From James Madison to David Erskine, 20 March 1807

Department of State, March 20th: 1807.


I have laid before the President your letter of the 12th: instant, communicating the views of His Britannic Majesty in relation to the French decree of Novr: 21st: 1806, and the principle of retaliation, through the commerce of Neutrals; who may submit to the operation of that decree; as also the measure actually taken, of prohibiting all Neutral commerce from port to port of his enemies, not only the ports of France, but those of such other Nations, as either in alliance with France, or subject to her dominion, have by measures of active offence, or by the exclusion of British Ships, taken a part in the present war.

The President cannot be insensible, Sir, to the friendship & confidence towards the United States, which are signified by His Britannic Majesty in this communication. In making this acknowledgment, however, the President considers it not less incumbent on him, to reserve for a state of things which it is hoped may never occur, the right of discussing the legality of any particular measures to which resort may be had, on a ground of retaliation. At this time, it would suffice to observe, that it remains to be more fully ascertained, in what sense the decree in question will be explained, and to what extent it will be carried into execution; and consequently, whether in any case, the United States, can be involved in questions concerning measures of retaliation supposed to accrue to one bellegerent from such a proceeding by another. But it is worthy the justice and the liberality of the British Government to recollect, that within the period of those great events which continue to agitate Europe, instances have occurred, in which the commerce of neutral nations more especially of the United States, has experienced the severest distresses from its own orders & measures manifestly unauthorized by the law of Nations. The respect which the United States owe to their neutral rights, and the interests they have in maintaining them, will always be sufficient pledges, that no culpable acquiescence on their part, will render them accessary to the proceedings of one bellegerent nation, through their rights of neutrality, against the commerce of its adversary.

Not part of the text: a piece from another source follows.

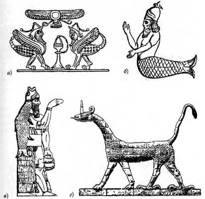 Рис. 23. Ассирийские мифозои: а – люди-скорпионы; б – Дагон; в – Эа; г – Мушхуш (Сиррух) (а и в из: Липин, Белов, 1956; б из: МБ)

With regard to the particular order issued against the trade of neutrals from one port to another of the enemies of Great Britain, no fair objection can lie against it, provided it be founded on and enforced by, actual blockades as authorized by the law of Nations. If on the other hand, the order has reference, not to such a blockade, but to a supposed illegality of the Neutral trade from one to another of the described ports, the remark is obvious, that on that supposition, the order is superfluous; the trade being, as interdicted by the law of Nations, liable at all times, without any such order, to the capture of British Cruizers and the condemnation of British Courts; and if not interdicted as such by the law of Nations, it can⟨unclear⟩ otherwise be made illegal, than by a legal blockade of the ports comprehended in the order. This inference is applicable even to the case of a neutral trade between the ports of France herself; since it is not a principle of the acknowledged law of Nations, that neutrals may not trade from one to another port of the same bellegerent Nation. And it would be an innovation on that law, not before attempted, to extend the principle to a neutral trade between ports of different Countries confessedly open in times of peace as well as of war.

If the British order refers for its basis, to the principle of retaliation against the French decree, it falls under the observations already made on that subject, and which need not be repeated. I am &c:

(Signed) James Madison.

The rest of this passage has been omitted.